→ **Action item**:
When you copy the material below, keep every line exact and leave each picture out.

→ **Data block**:
===

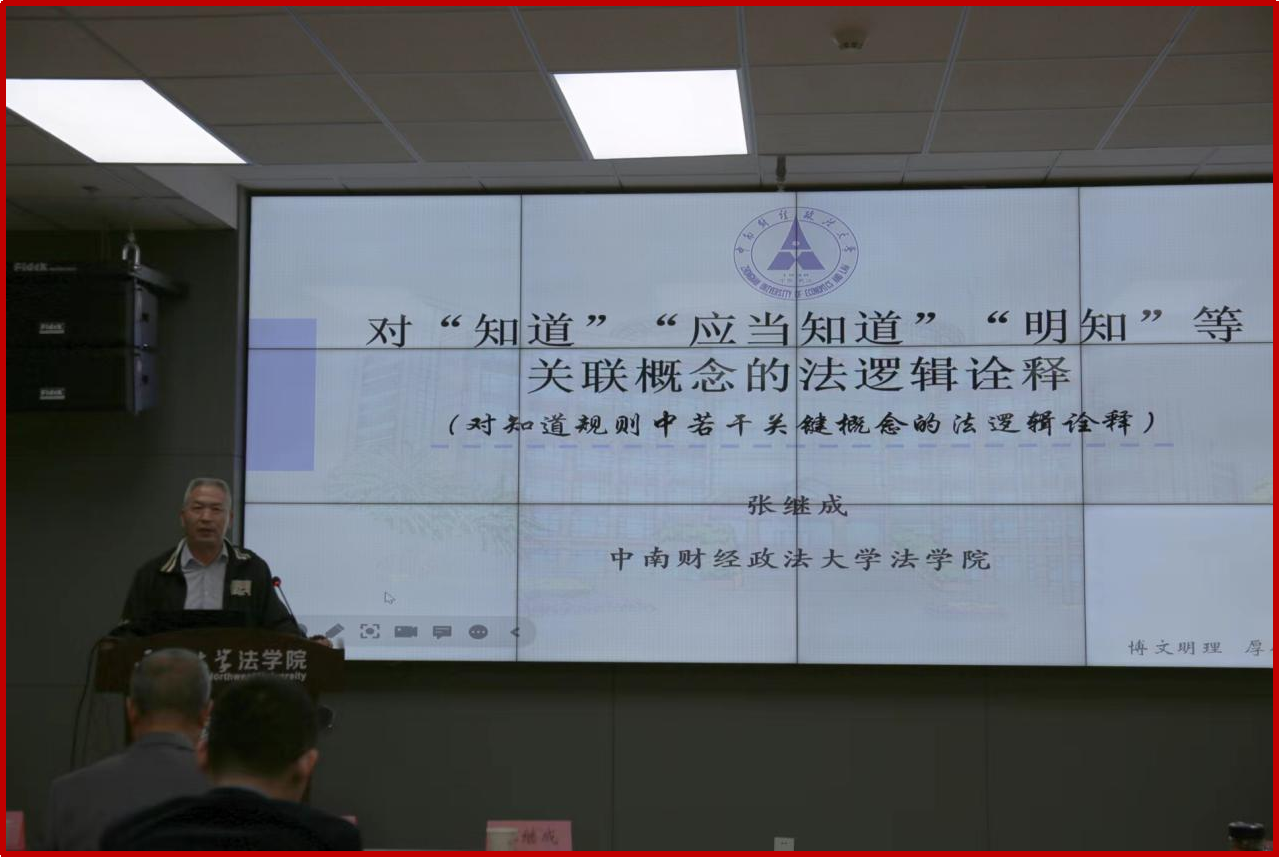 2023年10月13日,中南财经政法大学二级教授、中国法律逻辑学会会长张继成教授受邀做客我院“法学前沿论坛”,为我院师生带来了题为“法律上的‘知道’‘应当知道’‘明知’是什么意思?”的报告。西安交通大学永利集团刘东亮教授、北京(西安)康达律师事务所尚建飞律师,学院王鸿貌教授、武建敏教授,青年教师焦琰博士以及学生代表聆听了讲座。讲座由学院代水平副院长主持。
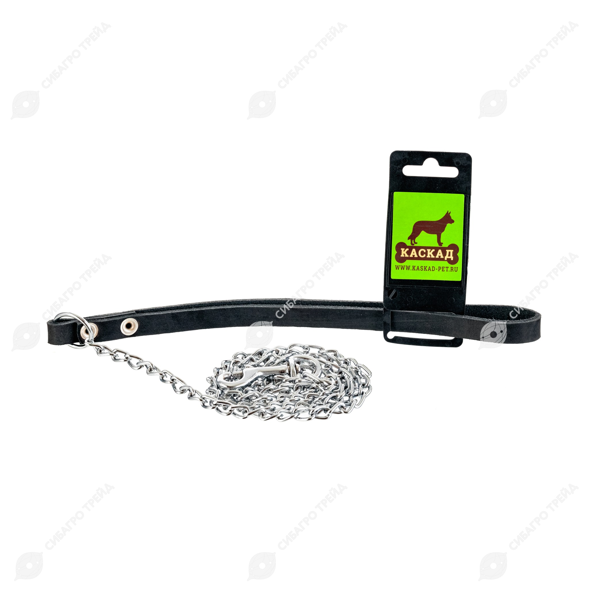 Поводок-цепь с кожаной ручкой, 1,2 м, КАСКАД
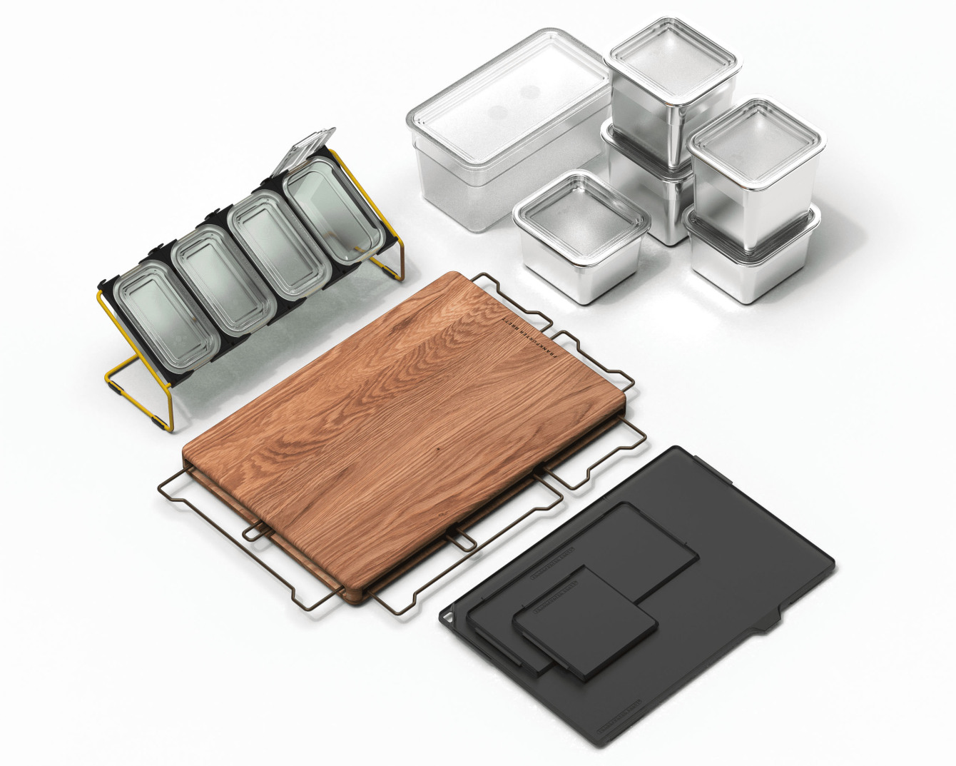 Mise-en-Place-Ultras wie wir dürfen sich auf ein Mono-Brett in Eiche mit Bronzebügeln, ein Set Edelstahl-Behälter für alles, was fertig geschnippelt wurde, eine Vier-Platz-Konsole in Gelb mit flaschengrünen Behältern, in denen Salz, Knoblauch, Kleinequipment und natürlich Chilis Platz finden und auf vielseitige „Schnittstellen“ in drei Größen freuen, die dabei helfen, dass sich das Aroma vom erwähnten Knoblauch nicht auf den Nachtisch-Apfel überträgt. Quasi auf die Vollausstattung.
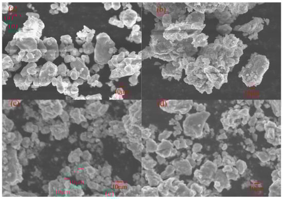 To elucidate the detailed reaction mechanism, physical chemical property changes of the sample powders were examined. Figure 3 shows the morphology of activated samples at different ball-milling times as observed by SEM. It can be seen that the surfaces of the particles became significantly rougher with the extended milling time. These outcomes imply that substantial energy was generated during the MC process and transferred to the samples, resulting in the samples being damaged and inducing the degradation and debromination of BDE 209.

===

→ **Exercise output**:
 2023年10月13日,中南财经政法大学二级教授、中国法律逻辑学会会长张继成教授受邀做客我院“法学前沿论坛”,为我院师生带来了题为“法律上的‘知道’‘应当知道’‘明知’是什么意思?”的报告。西安交通大学永利集团刘东亮教授、北京(西安)康达律师事务所尚建飞律师,学院王鸿貌教授、武建敏教授,青年教师焦琰博士以及学生代表聆听了讲座。讲座由学院代水平副院长主持。
 Поводок-цепь с кожаной ручкой, 1,2 м, КАСКАД
 Mise-en-Place-Ultras wie wir dürfen sich auf ein Mono-Brett in Eiche mit Bronzebügeln, ein Set Edelstahl-Behälter für alles, was fertig geschnippelt wurde, eine Vier-Platz-Konsole in Gelb mit flaschengrünen Behältern, in denen Salz, Knoblauch, Kleinequipment und natürlich Chilis Platz finden und auf vielseitige „Schnittstellen“ in drei Größen freuen, die dabei helfen, dass sich das Aroma vom erwähnten Knoblauch nicht auf den Nachtisch-Apfel überträgt. Quasi auf die Vollausstattung.
 To elucidate the detailed reaction mechanism, physical chemical property changes of the sample powders were examined. Figure 3 shows the morphology of activated samples at different ball-milling times as observed by SEM. It can be seen that the surfaces of the particles became significantly rougher with the extended milling time. These outcomes imply that substantial energy was generated during the MC process and transferred to the samples, resulting in the samples being damaged and inducing the degradation and debromination of BDE 209.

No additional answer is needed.